**About this exercise:**
Write out the lines below exactly, beginning at the one with "nad的模型。点击这张写实风格的人物可以看到,在这个位置也显示说大模型是never ending dream这个模型。" and stopping after the one with "老师们、志愿者们在各学院教学楼等区域引导萌新们有序完成各项入学手续的办理。"; the pictures are not copied.

**Data supplied:**
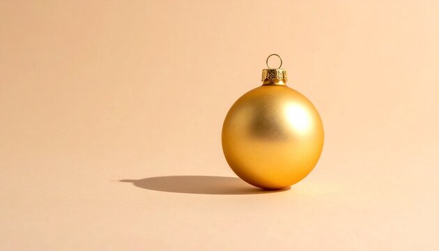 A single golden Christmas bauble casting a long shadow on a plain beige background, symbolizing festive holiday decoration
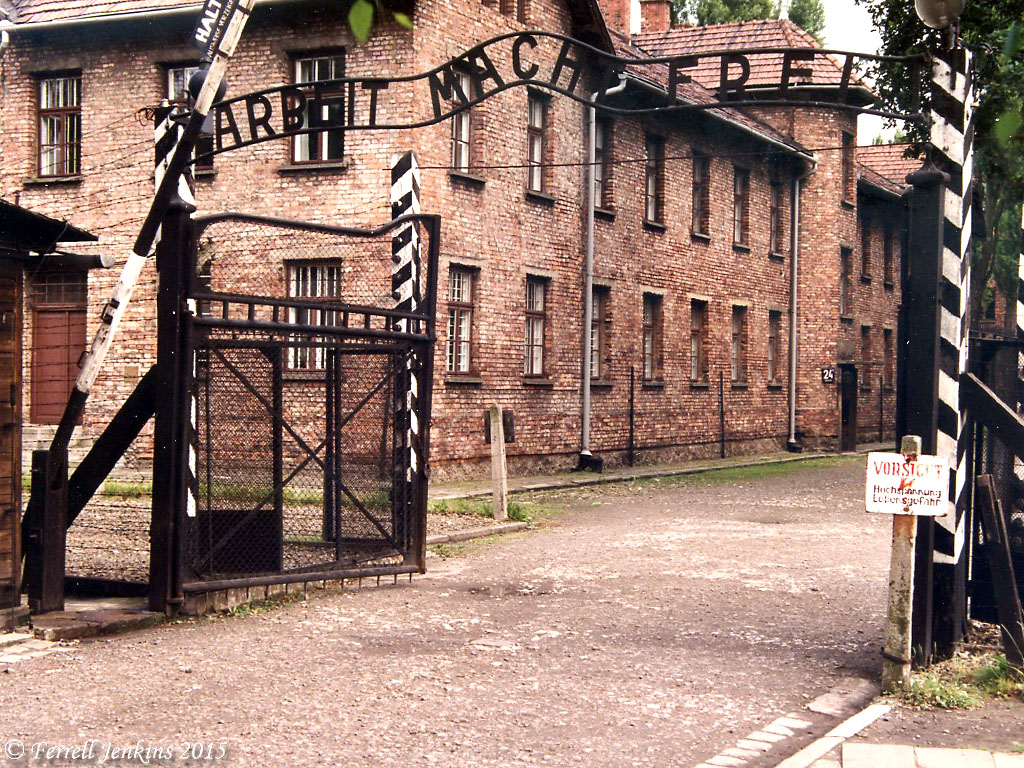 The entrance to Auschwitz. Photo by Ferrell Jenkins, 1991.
---
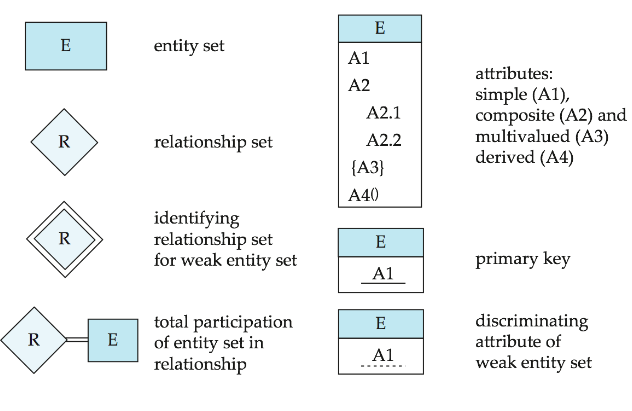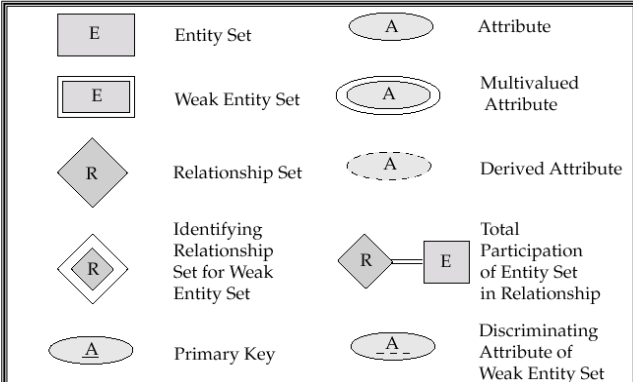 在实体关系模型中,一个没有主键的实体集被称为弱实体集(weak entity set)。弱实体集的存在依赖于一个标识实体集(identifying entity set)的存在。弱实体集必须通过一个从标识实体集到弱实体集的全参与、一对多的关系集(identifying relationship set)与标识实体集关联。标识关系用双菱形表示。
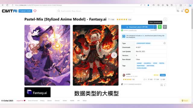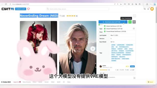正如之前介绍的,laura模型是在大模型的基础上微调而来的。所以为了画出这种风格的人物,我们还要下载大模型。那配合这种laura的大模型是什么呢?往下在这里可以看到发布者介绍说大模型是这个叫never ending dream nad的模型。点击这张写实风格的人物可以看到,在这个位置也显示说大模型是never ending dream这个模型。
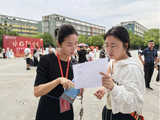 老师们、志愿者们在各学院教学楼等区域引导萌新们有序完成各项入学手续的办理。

**Answer for the task:**
正如之前介绍的,laura模型是在大模型的基础上微调而来的。所以为了画出这种风格的人物,我们还要下载大模型。那配合这种laura的大模型是什么呢?往下在这里可以看到发布者介绍说大模型是这个叫never ending dream nad的模型。点击这张写实风格的人物可以看到,在这个位置也显示说大模型是never ending dream这个模型。
 老师们、志愿者们在各学院教学楼等区域引导萌新们有序完成各项入学手续的办理。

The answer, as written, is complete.